Posted by ClarkWD | Permalink

Comments

So, oil prices, and gas prices, are volatile and most likely going up. Liquid fuel production is peaking in the next decade or so. But, is this at all predictable? Current real fuel costs are still below 1970's prices which fuels skepticism about the impact of price increases on travel behavior (pun intended). One of the most sophisticated travel models (EMME2 with considerable pumping up by Los Alamos Laboratory) used by Metro, the regional planning agency of Portland, assumes NO REAL INCREASE IN GASOLINE PRICES for the forseeable future, leading to predictions of continuing strong rise in vehicle miles traveled and "need" for more highways to meet this demand.

Arguably, if there was a defensible price curve based on rising world demand and declining production that could be inserted in the model, we could save ourselves billions of dollars and considerable disruption of communities and travelers by NOT building more road capacity.

Challenge: is there a defensible price curve out there that would pass muster for use in travel forecasting?

Help! Before we pave again!

Posted by: Rex Burkholder | Jul 28, 2004 9:59:13 PM

The short answer is that I don't know of a single, universally agreed upon price curve for petroleum products. And one of the reasons is that there's still a lot of uncertainty about when petroleum production will peak, and what it will mean to prices when it does.

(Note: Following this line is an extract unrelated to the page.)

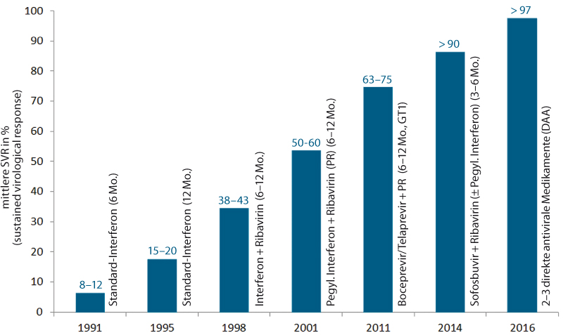 Bereits vor der Entdeckung des Hepatitis-C-Virus im Jahre 1989 wurden Patienten mit erhöhten Leberwerten, bei denen man eine Non-A-non-B-Hepatitis vermutete, erfolgreich mit Interferon behandelt. Die Transaminasen stiegen jedoch nach Ende der Therapie wieder an. In den 2000er-Jahren wurde das täglich zu injizierende Interferon durch die pegylierte Form (PEG-IFN-alpha) mit wöchentlicher Gabe abgelöst. Ohne den Wirkmechanismus bis heute erklären zu können, profitierten Patienten durch die zusätzliche tägliche Gabe des Nukleosidanalogons Ribavirin. So ließ sich die Heilungsrate zu Beginn des neuen Jahrtausends auf über 50% steigern (Abb. 1). Dies gelang jedoch nur mit einer nebenwirkungsreichen und über sechs bis 18 Monate dauernden Behandlung.

Judging from your comments, I'm sure you know that there's a lot of controversy among experts about when the peak will occur. Some geologists and analysts are arguing that the peak year of global oil production will be as soon as 2008. Others say that there's easily enough petroleum or petroleum substitutes to maintain supply growth for the next 30 years. I have my own opinions about which camp is right, but they're just opinions--and they're colored by my hopes and fears, rather than any deep understanding of the facts.

That said, a model that assumes no increase in real gasoline prices is in some ways an *improvement* over some older economic models, which often assumed that the price of commodities such as gasoline tend to decrease over time, not just stay constant. That was roughly the pattern (with some bumps) from 1919 through 1999. (See this post for a nifty graph: http://cascadiascorecard.typepad.com/blog/2004/06/fuels_progress.html .)

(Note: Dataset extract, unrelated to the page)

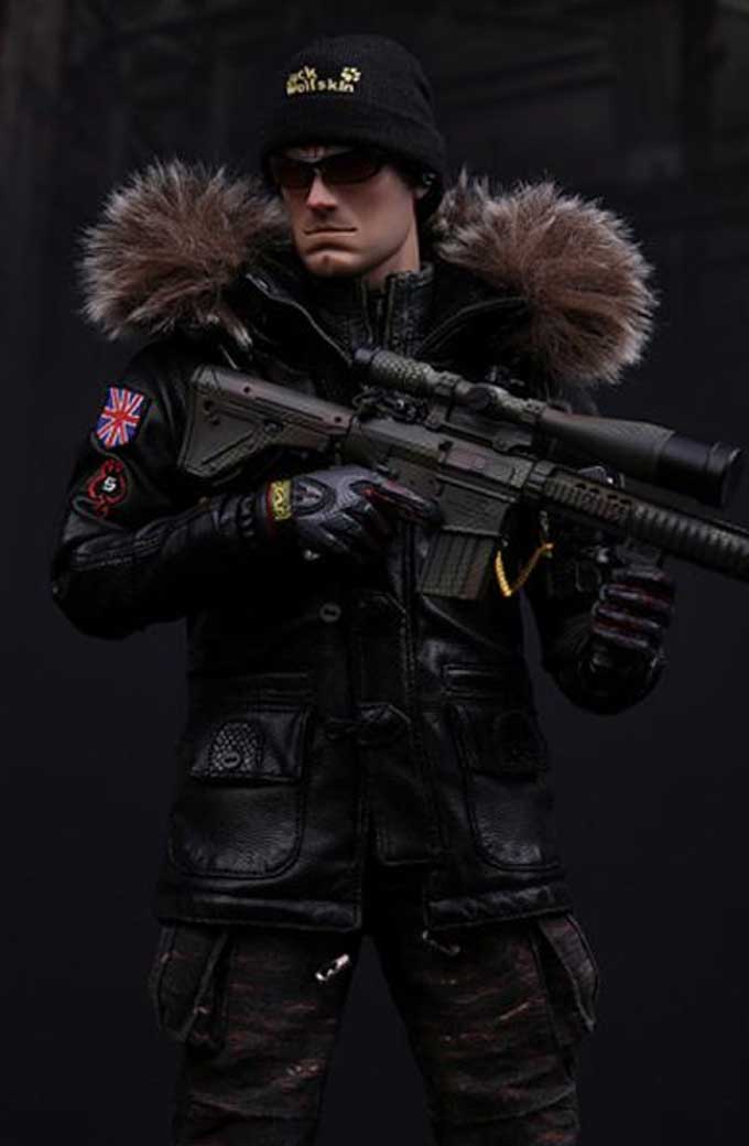 "Baron" appears on a 1/6 scale from Dam Toys' "Gangsters Kingdom" series. Barron is a stylized character modeled after the actor "Jude Law". Baron is a fictional character and a sniper in Gangster Kingdom Spade 5. He must hunt down a terrorist target, but reality shocks him and his sniper. He wore this Gangsters Kingdom Spade Baron Leather Jacket on this mission.

But better still would be a model that had a range of price assumptions -- and/or one that built in the uncertainty over gas prices as an economic cost. After all, Wall Street arbitragers make money based on the idea that investors require a price premium to take on added risk and uncertainty --so why should transportation modeling be any different?

But it's an excellent question, Rex, and a steep challenge. I'll keep my eyes open for better examples of price curves -- and if I find them, I'll post them here.

Posted by: Clark Williams-Derry | Jul 29, 2004 2:29:36 PM

Sounds like a mission for 'Redefining Progress.' (www.redefiningprogress.org). Have you seen their Genuine Progress Indicator? A clear indication that modern economic thought is out of touch with the growing desire for a sustainable future. What you need Rex are economic advisors that can see past the end of their pointy noses.